Full disclosure: I had a little time to try the game. All I can say for now is that I'm optimistic.
Two more big pieces to this will be the rollout of the game and the updates: Fortnite fundamentally changed the user's expectations for update frequency. Then again, Epic Games has a massive team of people working diligently to bring regular refreshes to Fortnite so the user base of millions upon millions doesn't get bored. We have short attention spans, you know! That can be a massive strain on other BR titles. Look at Apex Legends -- it's definitely a success, but imagine if it had retained the incredible buzz it garnered at launch last February, when it surpassed Fortnite and became the talk of the town. The problem was, Fortnite came back with something different soon after, Apex Legends couldn't follow suit quickly enough and Fortnite retook the crown. Apex certainly has its space, but not many are saying it's competing for No. 1 on a regular basis. Hyper Scape will have a similar challenge -- who will be involved in the rollout? Will it be a red carpet affair with top names streaming on day one with massive social media buzz? And what about when the honeymoon phase is over, will we be getting a regular schedule of updates to the game, enough to keep users interested and not move on to the next flavor of the month shiny object?

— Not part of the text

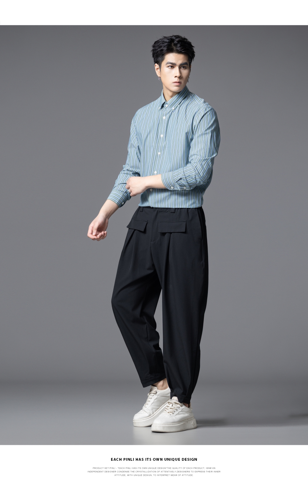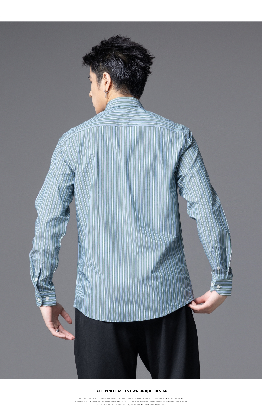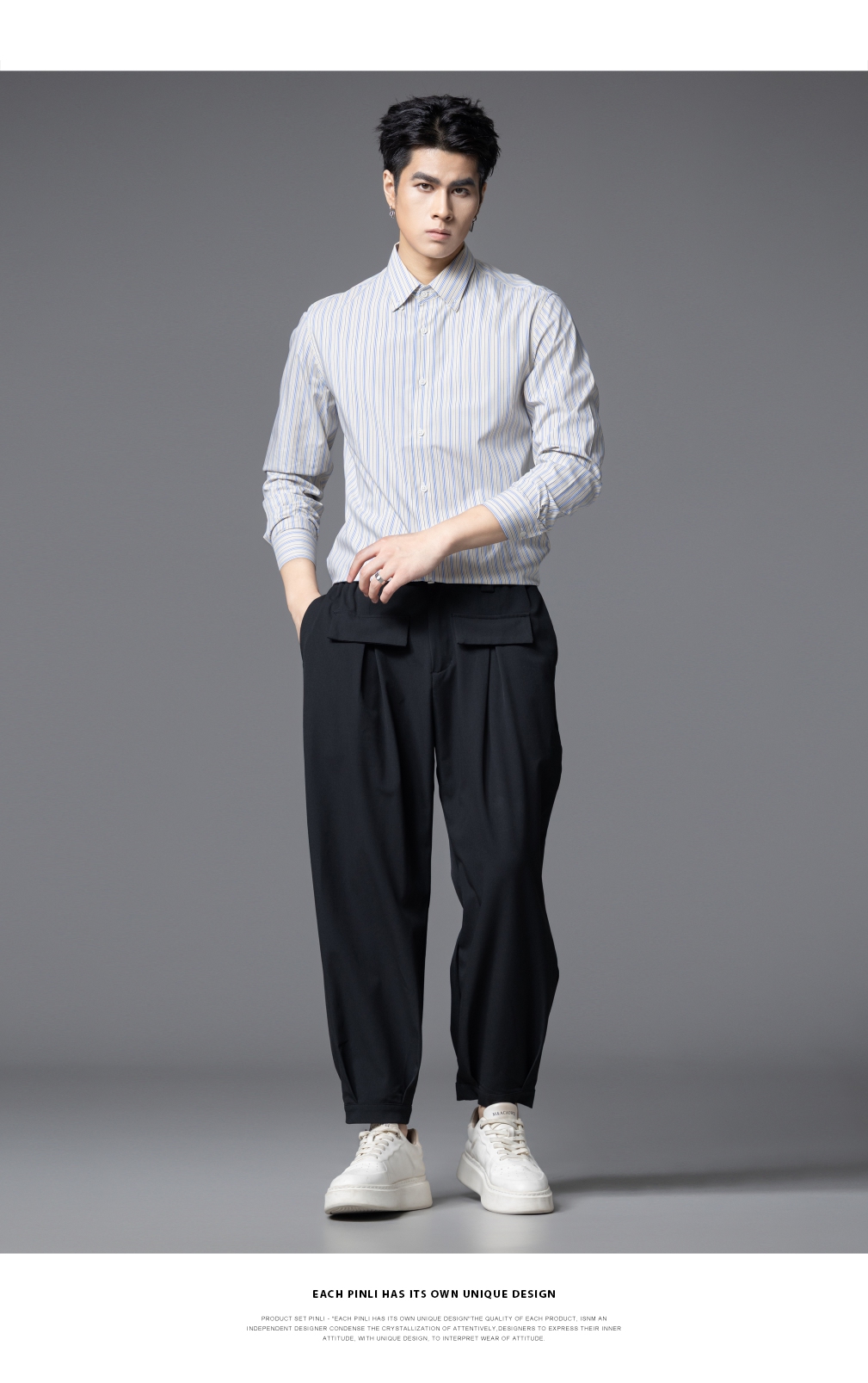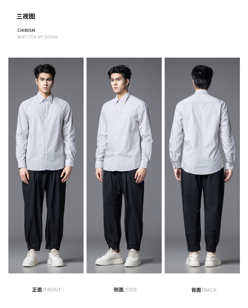 PINLI品立2025秋季新款莫代尔条纹衬衫男士免烫休闲商务长袖衬衣GD253113053

The battle for attention is a ruthless endeavor indeed.
1. Clix has a new home, leaving Misfits and joining NRG. The popular streamer and Fortnite World Cup competitor also had a slick announcement video, involving investor Shaquille O'Neal. Very cool. Great way to join a new org!
2. Warzone is knocking on the door of the top Twitch viewership list I posted above, and developer Infinity Ward just increased player lobbies to hold up to 200 players, along with other additions that were pretty well-received. For all the talk about Modern Warfare being a "chalked" release among many long time Call of Duty fans and Call of Duty League pros, Warzone has been a boon, and remains one of the best BR titles out there.

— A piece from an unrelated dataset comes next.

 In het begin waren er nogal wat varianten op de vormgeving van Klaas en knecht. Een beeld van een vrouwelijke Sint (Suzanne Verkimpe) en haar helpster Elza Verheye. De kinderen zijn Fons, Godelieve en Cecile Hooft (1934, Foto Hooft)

3. Cloakzy tweeted an "It's official" contract meme with no context. But WHY? We know Cloazky signed with one of the most powerful agencies out there last year, Loaded.gg, who also handle Ninja, CouRage, AnneMunition, summit1g, Shroud among others.
4. Congrats to BenjyFishy on reaching one million subs on YouTube!

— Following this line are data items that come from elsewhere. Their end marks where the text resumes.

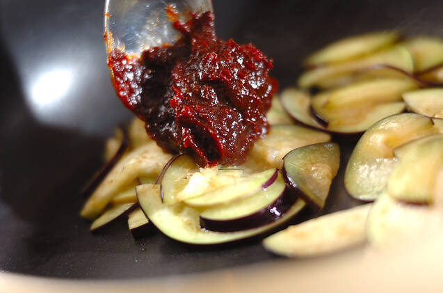 <薬味・2>のナスは薄い半月切りにする。赤みそ、砂糖、豆板醤を混ぜ合わせる。フライパンにゴマ油を熱してナスを炒め、合わせた赤みそを加え、全体にからまったら白ゴマを混ぜる。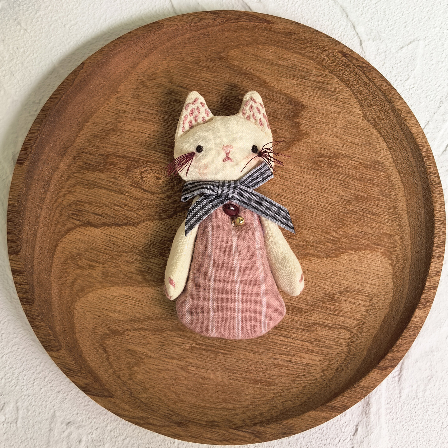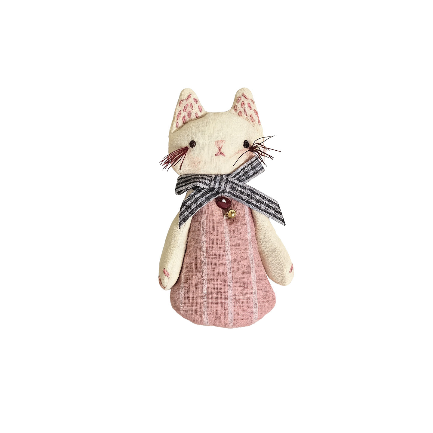 [door latch + lobster buckle] striped bow cat-pink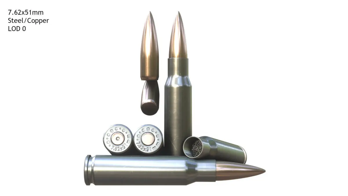 7.62x51mm rimless bottlenecked Cartridge developed in 1950’s. Mostly replaced by the 5.56x54mm cartridge as primary standard Nato cartridge but still largely used by Battle Rifles, Machine Guns and Marksman Rifles due to better performance at long range engagements.

5. Lots of drama going on this week in the BR world, like Ninja and Tfue reviving their rivalry (yes, I would totally support a charity boxing match between the two, it would generate a ton of buzz and if they are both willing participants it would raise a TON of money for a good cause) or Team Ninja going back and forth with xQc / Alinity on Twitter. All I have to say about this is that controversy creates cash. Think about that the next time you see any public drama and trash talk, anywhere. CONTROVERSY. CREATES. CASH.
6. There's one quick thing I want to say about the ongoing story about Dr. Disrespect: take everything you read with a grain of salt, because the longer we don't definitively hear what the cause for his permanent ban is, the more speculation will be out there. This has gripped the gaming world, partly because such a major action has been taken against such a popular streamer, and partly because we don't have much concrete information about the matter after several days. Speculation is a natural human thing to do, but hearing something several times, no matter how outlandish it is, can lead to believing that thing, so we have to be careful.